Before Christmas awhile back, my friends' mother (we'll call her Mrs. K) called, asking for help with a recipe. She'd seen it in a magazine -- or wait, maybe a cookbook? -- and was desperate to find it again. She remembered the basics, broccoli and tomatoes in a wreath shape. But what would bind them? We couldn't think, not eggs, no, and certainly not gelatin. Cheese maybe? She thought not.

So Mrs K returned to her hunt. Many days and magazine piles later, at last she found her recipe. "It's just butter," she said exultantly. "Do you really think that just butter can hold it all together?"

It can. And this festive vegetable dish -- buttery yes, but still definitely a vegetable -- is absolutely delicious. The ingredient list is short and it's way less fussy than it looks. It does call for a ring mold -- check your grandmothers' attics for her old "salad form", that's where mine came from, or perhaps the Goodwill or a thrift shop. No luck? I think a round cake pan with a bowl in the center is worth a try, too. Do try to use a shallow cake pan, however, so that it can be inverted onto a plate without upsetting the broccoli.

NO RING MOLD? NO ENERGY TO FUSS? STILL LOVE the FESTIVE LOOK? Just cook the broccoli and tomatoes as directed, then put into a shallow casserole dish. Cover and warm through. I think it'll be just fine.

KITCHEN NOTES
Shoot for a generous pound of just the very most tender broccoli florets. Even buying broccoli crowns, I started with two+ pounds of broccoli to yield a pound+ of florets. Luckily the stems and stalks make a great broccoli soup.
The butter doesn't 'bind' the broccoli as much as lightly contain it. Be gentle.
Next time I will plate it differently, perhaps on a bed of rice? so that the buttery sauce has something to soak into. As you can see, it just pooled on the plate, not so prettily.
It's lovely hot, but because the pieces are small, can't hold the heat long. Luckily, it's still good at room temperature so this would work for a buffet, too though of course the 'effect' will be smashed with the first scoop.
Mrs K is gone now but her wreath recipe is just one more reason to remember her ever so warmly. (Hello Mr K! Hi C&C&E! Hugs J&K!)

FROM the CREASE of MY RIGHT EYE This is the name of the event being hosted this month by Danielle from Habeas Brulee, celebrating all things layered and stuffed and this broccoli wreath is my contribution to the creativity in its midst. Danielle, you can perhaps appreciate that the broccoli is stuffed and pressed into a ring mold?
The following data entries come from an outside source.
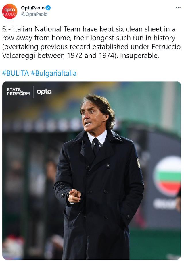 OPTA统计结果表明,这是意大利国家队历史上最长的客场连续零封纪录,在此之前,瓦尔卡雷吉在1972年至1974年间的连续5场客场零封为队史之最。
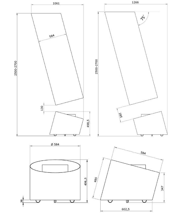 - Габаритные размеры ШxГxВ, (мм): 584x602.5x2700
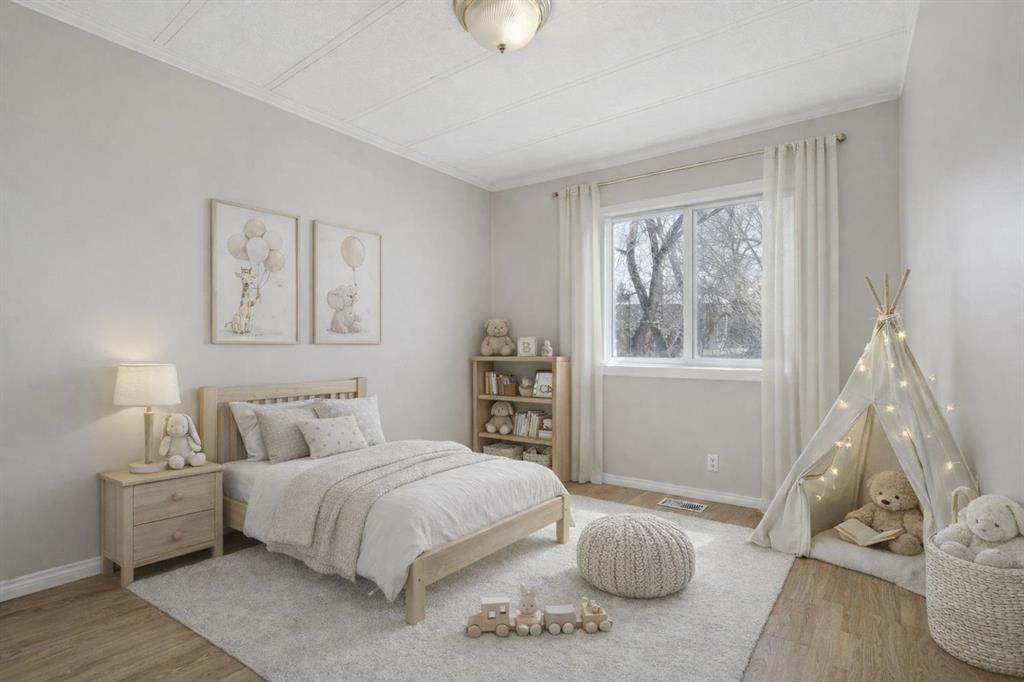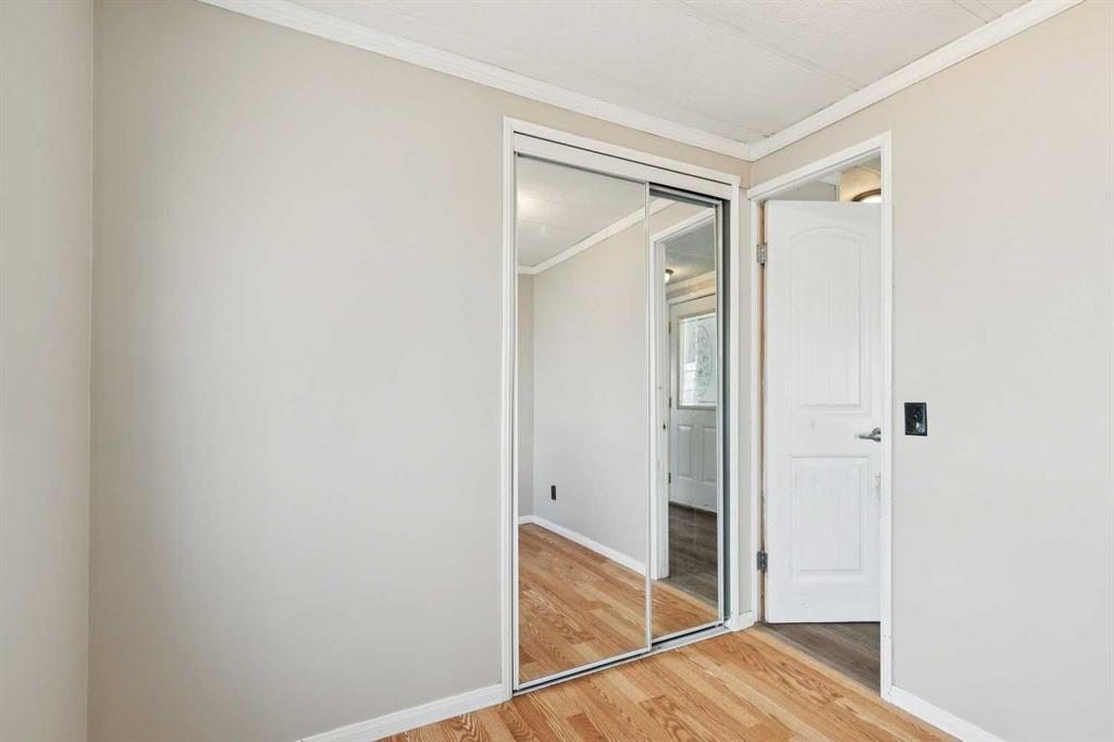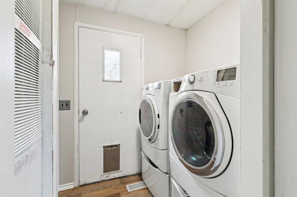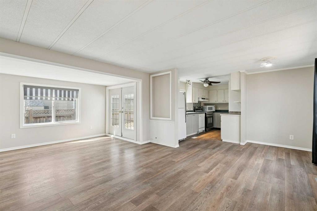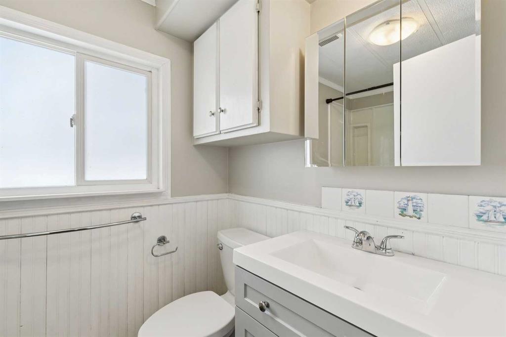 UPDATED KITCHEN, FLOORING & ENSUITE MAKE THIS MOVE-IN READY GEM A MUST-SEE! Welcome to this charming home tucked away on a quiet street, offering a perfect blend of comfort, functionality, and outdoor space. Step inside to a bright, open-concept layout where the kitchen seamlessly connects to a spacious living room with large windows that flood the space with natural light. The adjoining dining area creates an ideal setup for everyday living and entertaining. The main level features a generous primary bedroom with a refreshed ensuite (toilet, vanity, and flooring replaced in 2022) and easy access to the laundry room for added convenience. Two additional bedrooms, a full bathroom, and main floor laundry complete the level. Recent upgrades add real value, including fresh paint throughout, new lower kitchen cabinetry (2024), updated main area flooring (2024), and a newer stove (2023). Step outside through double doors to a large deck overlooking a private, tree-lined backyard. Fully fenced and beautifully maintained, this outdoor space also offers RV parking, perfect for added flexibility. Located in a quiet, established neighbourhood close to the Airdrie Rec Center, parks, pathways, and everyday amenities, this home is an excellent opportunity for first-time buyers, investors, or anyone looking for a well-rounded property in a great location. SOME PHOTOS ARE VIRTUALLY STAGED.
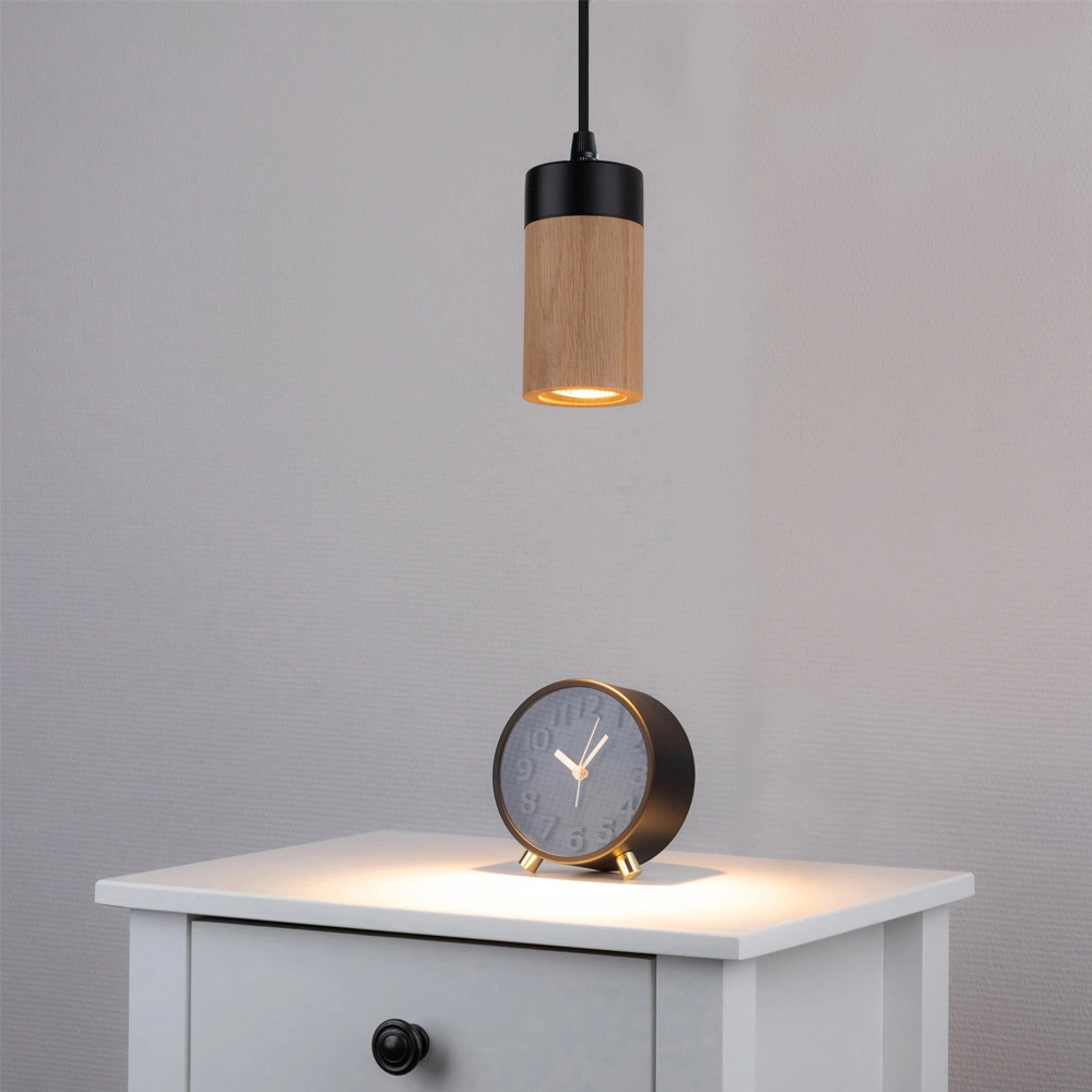 Lampa wisząca Annick w zestawie Kabel 1xLED GU10 5W Dąb olejowany/Czarny metal/Czarny silikonowy oplot 1419104
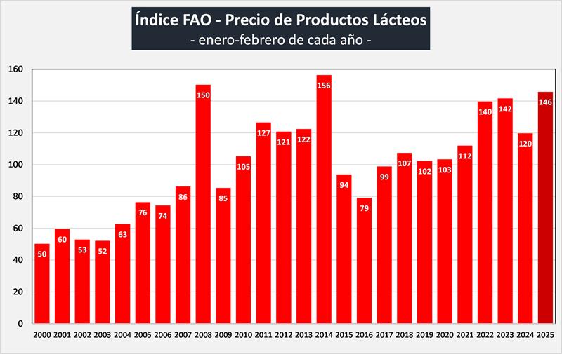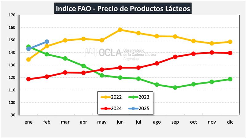 Indice de Precios de los Lácteos de FAO 7/3/2025

VEGETABLE RECIPES from the ARCHIVES ~ Red & Green

~ more Red & Green Warm Spinach Salad ~
~ more Spinach & Artichoke Gratin ~
~ more broccoli recipes ~

~ one year ago this week Celery with Tomato, Olives & Capers, perfect 'spareness' amid holiday excess ~
~ two years ago today Italian Wedding Soup ~


BROCCOLI & TOMATO HOLIDAY WREATH

Hands-on time: 20 minutes? sorry, I really lost track
Time to table: maybe 60 minutes?
Serves 6

BROCCOLI
Salted water
2 pounds of fresh broccoli, crowns only
Ice bath

Trim the broccoli, using just the green broccoli tops, cut into bite-size pieces. Drop into boiling salted water and cook for 3 minutes. Drain and refresh in a large bowl of ice water until just cool. Drain thoroughly.

TOMATOES
1/4 cup (4 tablespoons) unsalted butter
6 ounces cherry or grape tomatoes
1/2 teaspoon sugar (don't skip, it makes a difference!)
Salt & pepper to taste

In a skillet, melt the butter on MEDIUM until shimmery. Add the tomatoes and warm through but don't allow to pop. Remove from heat, stir in sugar and season.

SAUCE
6 tablespoons unsalted butter (I used about 4, it was plenty)
Juice of half a lemon (about a tablespoon or two)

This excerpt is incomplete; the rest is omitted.